You know those stories where people perform amazing feats of bravery and agility in situations where their loved ones are threatened? We’ve all heard the one about the woman who lifted a car off her husband when it has fallen off its raises and landed on his chest, or the one about a man who scaled a fence of impossible height when he was being chased by a wild animal. These stories have only one thing in common with mine. They involved superhuman amounts of adrenaline and a solitary thought before embarking on the event at hand: “Go!” And baby, did I go. I flew right into the thick of things, paying no heed to anything another than what I was intent on doing. I raced at the speed of light in my head, but in reality, it was as slow as the sun setting on the horizon. There was a moment, when I had finished, when I glanced around and took in the faces of others around us. I was convinced that everyone knew what was going on, that they were glued to our moment and waiting for the result so they could broadcast it to the world. In previous years, I would have speculated that they were anticipating my failure, but it wasn’t the result that mattered. The important part, for me, had already been completed. I had done it. I hadn’t backed out or sidestepped anything. I had stayed true to what she had taught me. The only remaining obstacle was her response.

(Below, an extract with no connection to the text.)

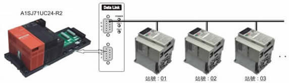| 範例二: | 三菱 PLC,A1SJ71UC24-R2/QJ71C24,透過資料交換器與三菱變頻器通訊埠連線,不需要撰寫任何通訊程式,竟而達到控制變頻器的頻率及顯示輸出頻率。 | |

In a small café, two people sat opposite each other. Two girls to some, two women to others, yet to each other, the world. She listened while I spoke, seeing the fear in my eyes as I prayed for her to bestow on me, the smile that had become my saving grace. She didn’t smile. Instead, she tilted her head back and laughed, rising from her seat in order to walk over and crouch before me. I wiped her tears away with my thumb and she mirrored the gesture. I didn’t realise I was crying, but I stopped. It’s relatively difficult to cry when an angel is kissing you. She didn’t stop kissing me until I cried out for breath and even then she was reluctant to let go.

“B,” I cried. “I’m dying over here!”

“Faith,” she replied. “I’m living.”

As I’ve mentioned before, it was a day that will never be recalled in the future. There was no eclipse, there was no acid rain, there was no impending apocalypse. No major disasters occurred in or around the vicinity and there was not so much as a kid falling off a bicycle to place any significance on the occasion. It was the most important day of my life. My life began on that day.